Validate critical components after loading:

def validate_checkpoint(loaded_data, expected_shapes):
    for key, expected_shape in expected_shapes.items():
        if key in loaded_data:
            actual_shape = loaded_data[key].shape
            if actual_shape != expected_shape:
                raise ValueError(f"Shape mismatch for {key}: expected {expected_shape}, got {actual_shape}")
        else:
            raise ValueError(f"Missing key in checkpoint: {key}")
    return True


# Example validation
expected_shapes = {
    'weights': (2, 2),
    'bias': (2,)
}

try:
    loaded_data = braintools.file.msgpack_load("checkpoints/model_checkpoint.msgpack")
    validate_checkpoint(loaded_data, expected_shapes)
    print("Checkpoint validation passed!")
except ValueError as e:
    print(f"Validation failed: {e}")
Loading checkpoint from model_checkpoint.msgpack
Checkpoint validation passed!
import os
import jax


def training_loop_with_checkpointing():
    checkpoint_dir = "checkpoints"
    os.makedirs(checkpoint_dir, exist_ok=True)
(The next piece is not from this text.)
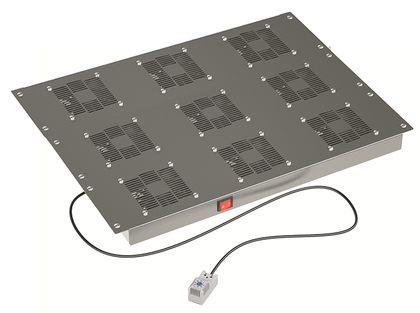 Модуль потолочный вентиляторный с термостатом DKC (Артикул r5vsit8009ft) - устройство для активного удаления тепла из IT-шкафов, устанавливаемых на кровлю. Приведённая модель серии CQE оснащена девятью крышными вентиляторами и автоматическим управлением через термостат.

    # Example training parameters
    num_epochs = 100
    checkpoint_interval = 10

    # Mock model state and optimizer state
    model_state = {'weights': jnp.ones((10, 10)), 'bias': jnp.zeros(10)}
    optimizer_state = {'momentum': jnp.zeros((10, 10)), 'step': 0}

    def train_step(model_state, batch):
        # Mock training step
        return model_state

    for epoch in range(num_epochs):
        # Mock batch
        batch = jnp.ones((32, 10))

        # Training step
        model_state = train_step(model_state, batch)

        # Checkpoint every N epochs
        if epoch % checkpoint_interval == 0:
            checkpoint_path = f"{checkpoint_dir}/checkpoint_epoch_{epoch}.msgpack"
            checkpoint_data = {
                'model_state': model_state,
                'epoch': epoch,
                'optimizer_state': optimizer_state,
                'rng_state': jax.random.PRNGKey(42)  # In practice, use current RNG state
            }
            braintools.file.msgpack_save(checkpoint_path, checkpoint_data)
            print(f"Checkpoint saved at epoch {epoch}")

        # Break early for demo
        if epoch >= 20:
            break


# Run the training loop
training_loop_with_checkpointing()
Saving checkpoint into checkpoints/checkpoint_epoch_0.msgpack
Checkpoint saved at epoch 0
Saving checkpoint into checkpoints/checkpoint_epoch_10.msgpack
Checkpoint saved at epoch 10
Saving checkpoint into checkpoints/checkpoint_epoch_20.msgpack
Checkpoint saved at epoch 20

4. Regular Checkpointing During Training#

Conclusion#

BrainTools’ checkpointing system provides a robust and flexible way to save and restore model states. Key features include:

  • Automatic serialization of JAX arrays, BrainState objects, and BrainUnit quantities

  • Custom object support through registration system

  • Flexible mismatch handling for evolving model architectures

  • Asynchronous saving for large models

  • Type safety through template-based loading

This system enables reliable model persistence for long training runs, model deployment, and collaborative research workflows.